Your objective: Copy exactly the lines of the material below that fall between the line with "٣٠ - وروى العباس" and the line with "Close-up location (The", both of those lines included; pictures stay out.

Provided entries:
________________
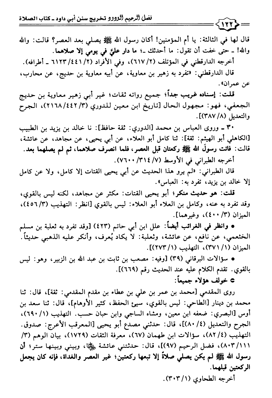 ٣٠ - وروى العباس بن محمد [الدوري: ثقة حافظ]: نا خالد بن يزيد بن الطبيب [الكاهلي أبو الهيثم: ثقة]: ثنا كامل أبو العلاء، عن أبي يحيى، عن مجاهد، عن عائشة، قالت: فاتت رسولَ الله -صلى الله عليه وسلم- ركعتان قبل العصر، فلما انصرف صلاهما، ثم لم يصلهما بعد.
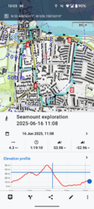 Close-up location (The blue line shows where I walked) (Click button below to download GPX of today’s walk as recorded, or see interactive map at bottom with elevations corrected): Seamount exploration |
________________
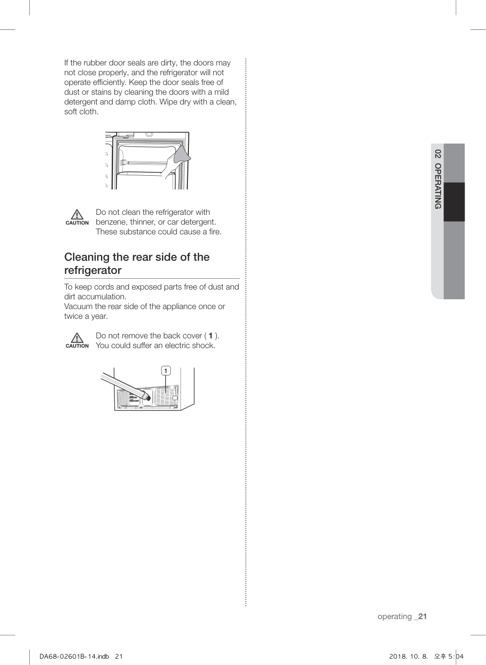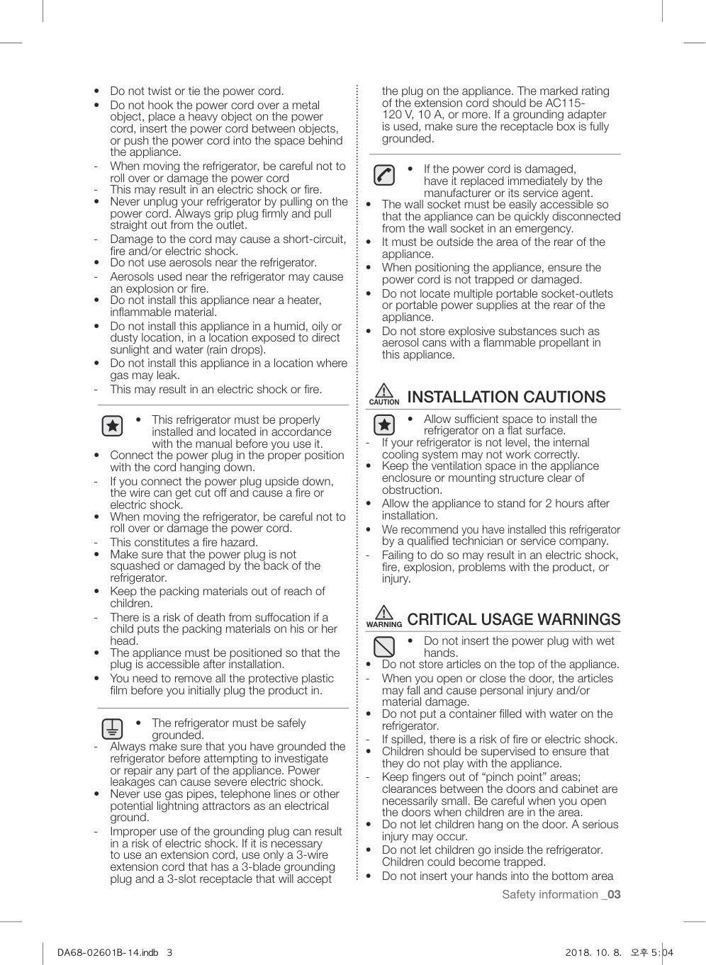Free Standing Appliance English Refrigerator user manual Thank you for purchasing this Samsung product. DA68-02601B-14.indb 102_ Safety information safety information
________________
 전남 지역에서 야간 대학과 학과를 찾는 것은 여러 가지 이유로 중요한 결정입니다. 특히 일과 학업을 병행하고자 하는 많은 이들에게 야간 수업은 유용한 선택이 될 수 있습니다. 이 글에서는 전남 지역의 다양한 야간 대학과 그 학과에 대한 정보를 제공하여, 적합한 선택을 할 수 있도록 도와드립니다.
________________
Response to the task:
 ٣٠ - وروى العباس بن محمد [الدوري: ثقة حافظ]: نا خالد بن يزيد بن الطبيب [الكاهلي أبو الهيثم: ثقة]: ثنا كامل أبو العلاء، عن أبي يحيى، عن مجاهد، عن عائشة، قالت: فاتت رسولَ الله -صلى الله عليه وسلم- ركعتان قبل العصر، فلما انصرف صلاهما، ثم لم يصلهما بعد.
 Close-up location (The blue line shows where I walked) (Click button below to download GPX of today’s walk as recorded, or see interactive map at bottom with elevations corrected): Seamount exploration |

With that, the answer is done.